To illustrate, let’s consider a business that offers multiple products across different countries or markets. The following diagram depicts a cube representing the model, consisting of three dimensions: product, market, and time. By incorporating these dimensions, the business can extract different measures to inform decision-making processes.

Modeling data dimensions - Source: Author — Modeling data dimensions – Source: Author

In essence, dimensions assist organisations in several key ways:

Organising Data: Dimensions streamline data organisation and make data navigation more intuitive. By categorising data into distinct perspectives, dimensions facilitate easier access and retrieval of relevant information
Establishing Clear Relationships: Dimensions define clear relationships with fact tables, which typically store measures, transactions, or events. These relationships enable seamless integration of context with quantitative data, ensuring a comprehensive understanding of the underlying information
Enhancing Analytical Capabilities: Dimensions enhance analytical capabilities by enabling data users to extract insights and build meaningful reports or dashboards. By slicing, dicing, and drilling down data along different dimensions, organisations can gain deeper insights into various aspects of their operations
Improving System Performance: Dimensions play a crucial role in improving the performance of data systems. By structuring data efficiently and optimising queries, dimensions facilitate the extraction of valuable insights in a cost-efficient and timely manner, ultimately enhancing decision-making processes

Dimensions are indeed a critical aspect of data modeling, with the potential to significantly impact the effectiveness of your data products. However, they pose a unique challenge due to the dynamic nature of data. Data is not static; it continuously changes over time. Therefore, it becomes increasingly important to implement techniques that ensure changes are accurately captured and seamlessly integrated into the data models.

Understanding Slowly Changing Dimensions

Slowly Changing Dimensions (SCDs) represent a foundational concept in the context of Data Warehouse design, having a direct influence on the operational capacity of data analytics teams.

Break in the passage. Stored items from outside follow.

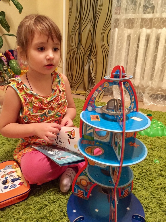 Дочке подарок очень понравился, уже 2 дня всех отправляет в космос и сама на ней уже пробовала полетать :) она тут приболела немного, так что подарок ее хоть оживил )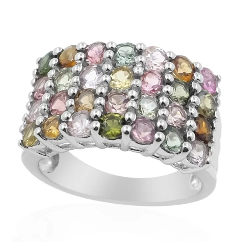 Dieser bezaubernde Multicolor-Turmalinring aus Mosambik lässt ein ganzes Spektrum an Farben erstrahlen. Die 2,848 Karat Turmaline im Rundschliff sind in hochwertigem 925er Sterling Silber gefasst und bilden ein schillerndes Schauspiel aus Pastelltönen. Die handwerkliche Verarbeitung sorgt für einen bequemen und sicheren Sitz und macht ihn zu einer reizvollen Ergänzung für jede Schmucksammlung. Dieser Ring ist ideal, um einen lässigen Tagesausflug zu verschönern oder der Abendgarderobe einen farbigen Akzent zu verleihen – er ist vielseitig und stilvoll.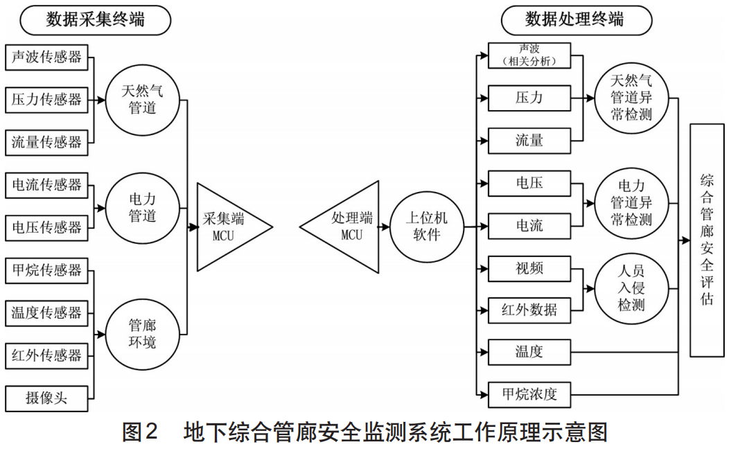 如图2所示为地下综合管廊安全监测系统工作原理示意图(以下简称安全监测系统),安全监测系统由数据采集终端及数据处理终端组成,其中数据采集终端实时采集地下综合管廊内的电力管道及天然气管道的相关工况数据,同时还采集地下综合管廊内环境的相关数据及人员入侵信息,采集到的数据经电缆实时传输到数据处理终端,数据处理终端在对数据进行融合分析及判断的基础上,对地下综合管廊的安全风险作出评估,从而为地下综合管廊的维护人员提供一定的数据支撑。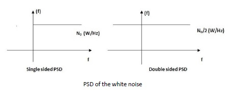 無線通訊系統中最常用的噪聲模型是“白”噪聲模型。白噪聲的 PSD 曲線在頻率範圍內是平坦的。因此,白噪聲的 PSD 是均勻的,並且與訊號頻率分量無關。白噪聲 PSD 在 PSD 圖中表示為平行於頻率軸的直線。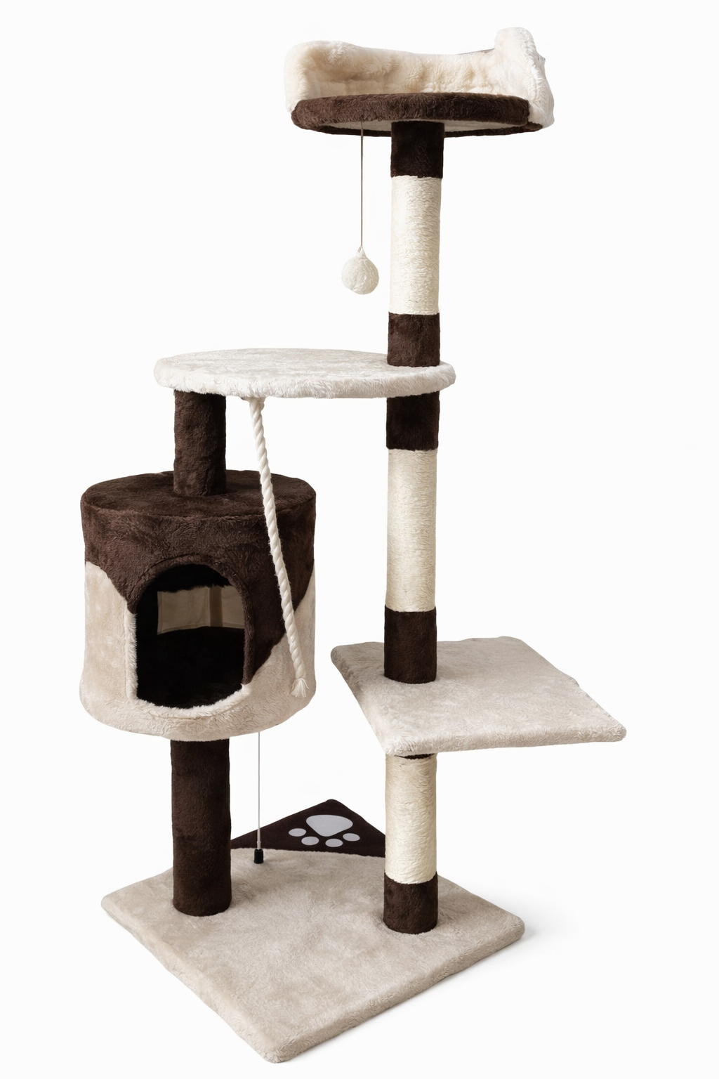 Klorestativ i brun og beige med hule, platformer og tau til leking.

SCDs is a concept used to address how to capture and store data changes of dimensions over time. Put simply, Slowly Changing Dimensions offer a framework that enables data teams track data historicity within the data warehouse.

Failing to model SCDs in a way that is both proper and aligned with the needs of the business and product can have profound consequences. It may lead to an inability to accurately capture historical data, jeopardising the organisation’s capacity to report essential metrics. This poses a substantial risk, as it undermines the reliability and completeness of the analytical insights derived from the data.

In more technical terms, SCDs have the same natural key and an additional set of data attributes that may (or may not) change over time. The way teams handle these records could determine whether historicity is tracked and subsequently, whether the business metrics of interest can be extracted.

Furthermore, the implementation of SCDs within a data warehouse could also significantly impact other aspects of the data platform. For instance, neglecting to model SCDs properly could lead to the creation of non-idempotent data pipelines, which, in turn, may introduce various challenges in data management.

The five types of Slowly Changing Dimensions

Dealing with the challenges arising from changes to data over time involves employing various methodologies known as SCD Types.

SCD Type 0: Retain original

The first type of Slowly Changing Dimensions, known as SCD Type 0, deals with data that remains static over time. Examples of such data include Date of Birth, National Insurance Number (or Social Security Number for those in the US), and date dimensions.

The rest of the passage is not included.